Collected data entries
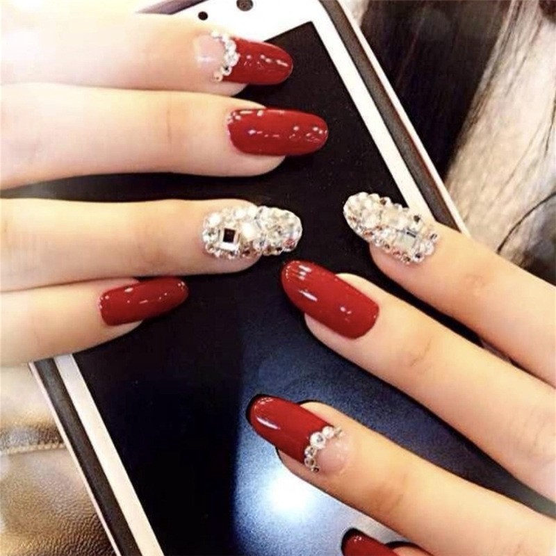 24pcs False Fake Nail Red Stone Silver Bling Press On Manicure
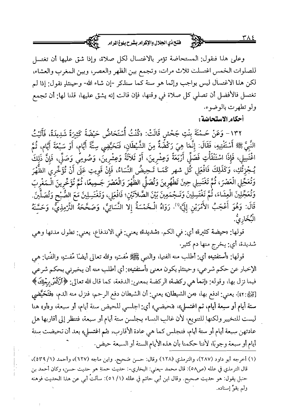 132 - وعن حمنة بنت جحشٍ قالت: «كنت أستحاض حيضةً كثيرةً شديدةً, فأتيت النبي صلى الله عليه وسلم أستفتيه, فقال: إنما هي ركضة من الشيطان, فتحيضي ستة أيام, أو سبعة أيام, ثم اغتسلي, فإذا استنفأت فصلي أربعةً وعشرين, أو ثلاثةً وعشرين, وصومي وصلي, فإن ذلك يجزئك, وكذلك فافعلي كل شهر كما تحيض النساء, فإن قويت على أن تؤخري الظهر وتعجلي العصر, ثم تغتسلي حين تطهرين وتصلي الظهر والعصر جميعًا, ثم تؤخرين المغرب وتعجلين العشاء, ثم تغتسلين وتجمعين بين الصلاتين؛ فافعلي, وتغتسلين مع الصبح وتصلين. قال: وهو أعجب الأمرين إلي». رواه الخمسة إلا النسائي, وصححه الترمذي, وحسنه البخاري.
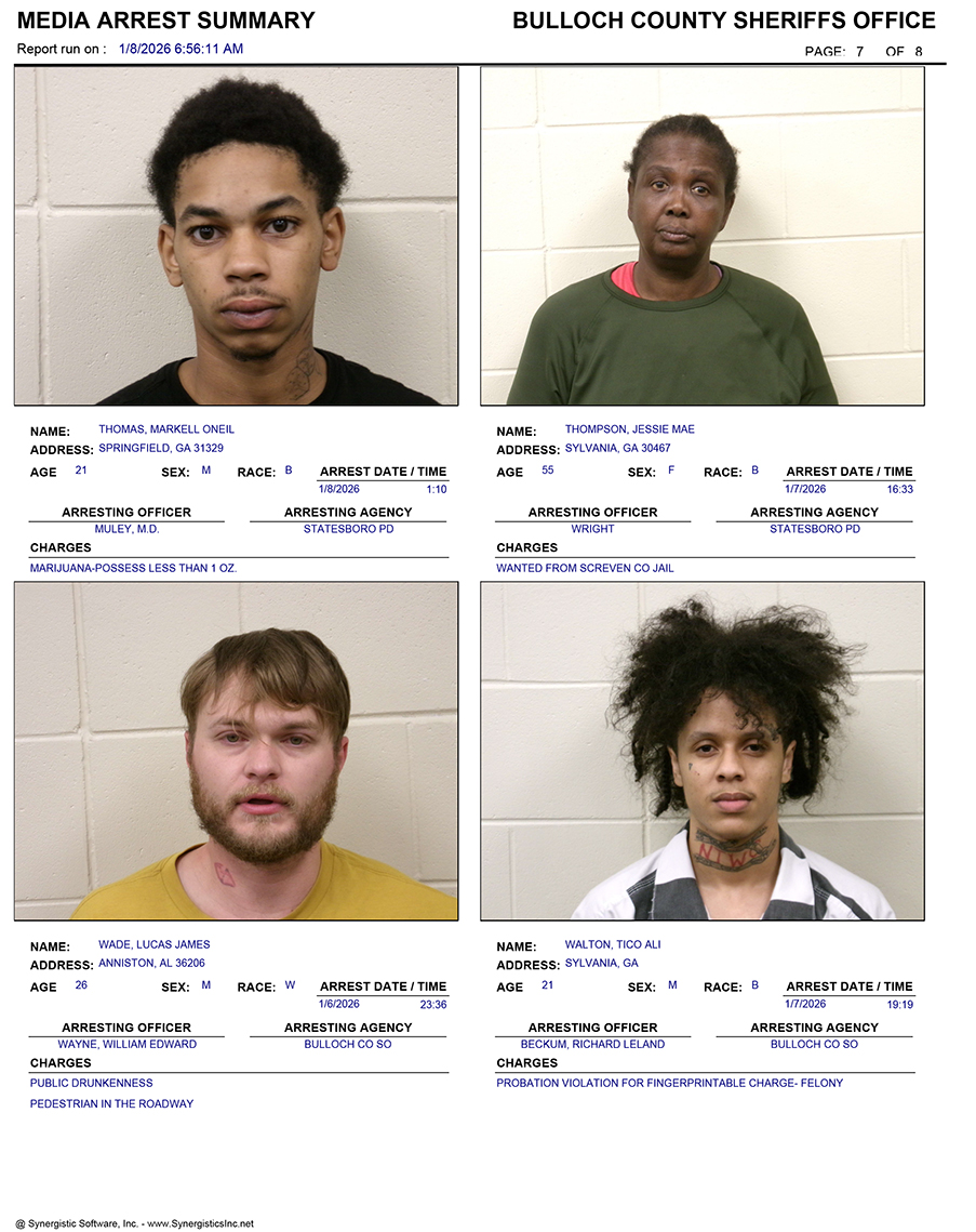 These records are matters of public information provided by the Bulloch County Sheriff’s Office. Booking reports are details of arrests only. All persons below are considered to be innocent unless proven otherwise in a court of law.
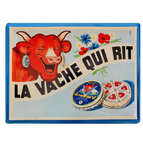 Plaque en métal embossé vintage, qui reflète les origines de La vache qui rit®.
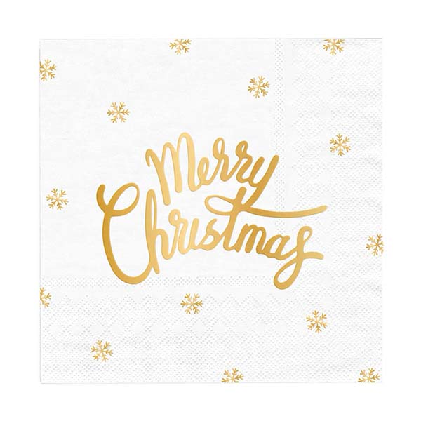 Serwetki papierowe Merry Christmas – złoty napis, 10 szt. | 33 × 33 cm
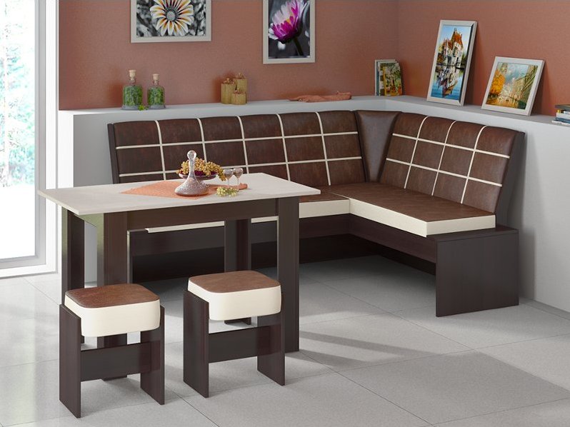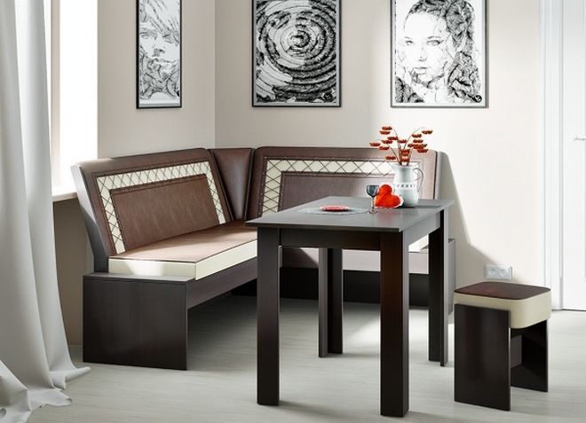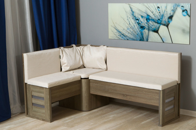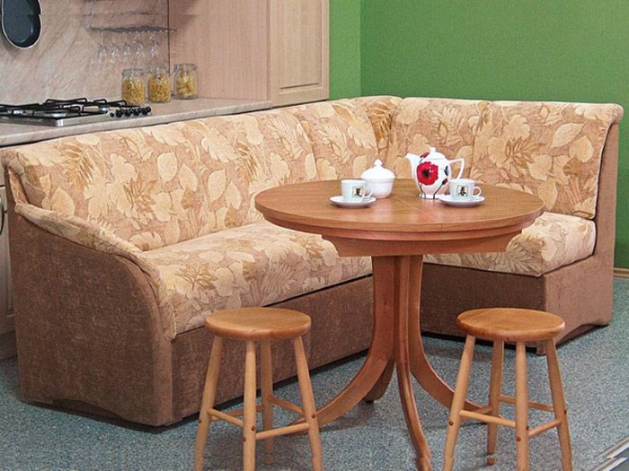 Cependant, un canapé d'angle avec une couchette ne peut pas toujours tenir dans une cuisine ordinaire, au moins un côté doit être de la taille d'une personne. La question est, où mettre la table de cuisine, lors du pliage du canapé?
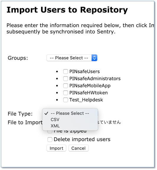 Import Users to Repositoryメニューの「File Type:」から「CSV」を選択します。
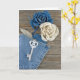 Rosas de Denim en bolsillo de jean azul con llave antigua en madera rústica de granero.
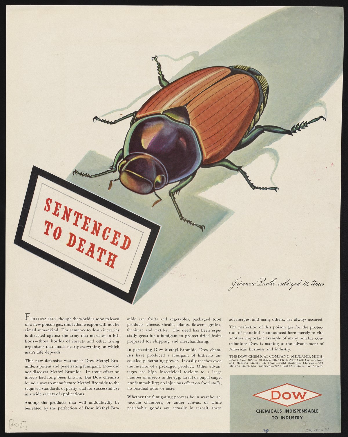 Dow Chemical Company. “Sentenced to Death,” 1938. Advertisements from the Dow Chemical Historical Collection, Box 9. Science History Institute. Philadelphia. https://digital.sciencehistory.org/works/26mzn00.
* * *
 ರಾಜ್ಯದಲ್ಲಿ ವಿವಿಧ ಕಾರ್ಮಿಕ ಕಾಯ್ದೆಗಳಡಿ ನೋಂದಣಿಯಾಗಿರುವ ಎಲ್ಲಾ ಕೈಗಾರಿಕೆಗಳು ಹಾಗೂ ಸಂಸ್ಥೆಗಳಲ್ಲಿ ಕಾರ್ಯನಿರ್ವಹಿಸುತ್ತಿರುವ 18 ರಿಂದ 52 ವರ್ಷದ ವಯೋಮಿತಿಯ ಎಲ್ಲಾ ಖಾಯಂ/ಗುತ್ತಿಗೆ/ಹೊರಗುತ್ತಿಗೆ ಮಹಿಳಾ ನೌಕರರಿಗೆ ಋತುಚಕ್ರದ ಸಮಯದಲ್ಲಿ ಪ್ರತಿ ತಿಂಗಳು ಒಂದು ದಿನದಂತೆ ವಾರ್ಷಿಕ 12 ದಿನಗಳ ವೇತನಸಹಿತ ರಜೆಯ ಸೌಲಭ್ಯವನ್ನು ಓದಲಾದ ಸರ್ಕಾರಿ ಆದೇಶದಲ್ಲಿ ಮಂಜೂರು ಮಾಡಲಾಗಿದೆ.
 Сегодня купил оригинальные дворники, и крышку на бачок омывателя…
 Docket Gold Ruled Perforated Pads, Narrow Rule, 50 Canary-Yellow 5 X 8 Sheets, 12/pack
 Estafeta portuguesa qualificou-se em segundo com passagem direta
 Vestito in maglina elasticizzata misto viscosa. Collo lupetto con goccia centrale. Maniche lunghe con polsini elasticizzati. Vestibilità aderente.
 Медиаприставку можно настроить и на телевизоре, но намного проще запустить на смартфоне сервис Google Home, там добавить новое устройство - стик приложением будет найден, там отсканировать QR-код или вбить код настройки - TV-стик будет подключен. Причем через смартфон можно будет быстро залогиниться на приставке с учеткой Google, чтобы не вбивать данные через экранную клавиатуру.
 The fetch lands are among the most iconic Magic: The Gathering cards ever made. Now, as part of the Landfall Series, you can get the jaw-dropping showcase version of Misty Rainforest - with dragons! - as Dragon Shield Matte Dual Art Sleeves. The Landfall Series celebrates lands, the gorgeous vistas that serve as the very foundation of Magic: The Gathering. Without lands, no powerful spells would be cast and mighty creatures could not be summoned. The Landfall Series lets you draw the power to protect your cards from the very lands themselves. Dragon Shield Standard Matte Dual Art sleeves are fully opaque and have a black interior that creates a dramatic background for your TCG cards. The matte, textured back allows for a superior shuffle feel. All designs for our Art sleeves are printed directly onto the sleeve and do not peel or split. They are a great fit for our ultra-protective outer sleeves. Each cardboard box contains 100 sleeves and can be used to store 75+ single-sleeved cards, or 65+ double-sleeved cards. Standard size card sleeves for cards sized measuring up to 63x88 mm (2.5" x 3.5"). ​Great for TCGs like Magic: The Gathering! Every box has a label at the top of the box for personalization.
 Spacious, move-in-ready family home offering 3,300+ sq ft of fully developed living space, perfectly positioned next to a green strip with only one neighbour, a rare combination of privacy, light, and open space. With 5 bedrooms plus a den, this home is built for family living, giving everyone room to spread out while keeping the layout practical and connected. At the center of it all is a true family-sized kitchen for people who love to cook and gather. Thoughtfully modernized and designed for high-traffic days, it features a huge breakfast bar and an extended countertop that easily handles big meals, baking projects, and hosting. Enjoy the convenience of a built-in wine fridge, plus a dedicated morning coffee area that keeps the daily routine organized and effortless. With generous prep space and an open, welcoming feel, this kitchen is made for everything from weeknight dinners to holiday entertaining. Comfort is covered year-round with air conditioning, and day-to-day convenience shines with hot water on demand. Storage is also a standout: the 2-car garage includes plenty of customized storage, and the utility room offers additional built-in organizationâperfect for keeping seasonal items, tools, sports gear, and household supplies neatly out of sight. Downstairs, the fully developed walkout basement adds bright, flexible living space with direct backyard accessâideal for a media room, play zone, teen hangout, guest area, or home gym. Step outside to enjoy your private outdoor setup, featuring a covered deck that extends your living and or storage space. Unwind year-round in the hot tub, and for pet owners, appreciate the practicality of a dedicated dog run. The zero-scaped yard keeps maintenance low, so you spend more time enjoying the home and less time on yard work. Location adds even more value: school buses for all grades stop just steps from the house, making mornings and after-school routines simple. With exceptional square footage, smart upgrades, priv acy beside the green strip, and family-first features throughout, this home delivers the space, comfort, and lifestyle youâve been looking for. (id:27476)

What the task asks. Both the line above containing "24pcs False Fake" and the line containing "Dow Chemical Company." belong in the copy, along with every line between them; print these exactly and omit the pictures.

Exercise solution.
 24pcs False Fake Nail Red Stone Silver Bling Press On Manicure
 132 - وعن حمنة بنت جحشٍ قالت: «كنت أستحاض حيضةً كثيرةً شديدةً, فأتيت النبي صلى الله عليه وسلم أستفتيه, فقال: إنما هي ركضة من الشيطان, فتحيضي ستة أيام, أو سبعة أيام, ثم اغتسلي, فإذا استنفأت فصلي أربعةً وعشرين, أو ثلاثةً وعشرين, وصومي وصلي, فإن ذلك يجزئك, وكذلك فافعلي كل شهر كما تحيض النساء, فإن قويت على أن تؤخري الظهر وتعجلي العصر, ثم تغتسلي حين تطهرين وتصلي الظهر والعصر جميعًا, ثم تؤخرين المغرب وتعجلين العشاء, ثم تغتسلين وتجمعين بين الصلاتين؛ فافعلي, وتغتسلين مع الصبح وتصلين. قال: وهو أعجب الأمرين إلي». رواه الخمسة إلا النسائي, وصححه الترمذي, وحسنه البخاري.
 These records are matters of public information provided by the Bulloch County Sheriff’s Office. Booking reports are details of arrests only. All persons below are considered to be innocent unless proven otherwise in a court of law.
 Plaque en métal embossé vintage, qui reflète les origines de La vache qui rit®.
 Serwetki papierowe Merry Christmas – złoty napis, 10 szt. | 33 × 33 cm
 Cependant, un canapé d'angle avec une couchette ne peut pas toujours tenir dans une cuisine ordinaire, au moins un côté doit être de la taille d'une personne. La question est, où mettre la table de cuisine, lors du pliage du canapé?
 Import Users to Repositoryメニューの「File Type:」から「CSV」を選択します。
 Rosas de Denim en bolsillo de jean azul con llave antigua en madera rústica de granero.
 Dow Chemical Company. “Sentenced to Death,” 1938. Advertisements from the Dow Chemical Historical Collection, Box 9. Science History Institute. Philadelphia. https://digital.sciencehistory.org/works/26mzn00.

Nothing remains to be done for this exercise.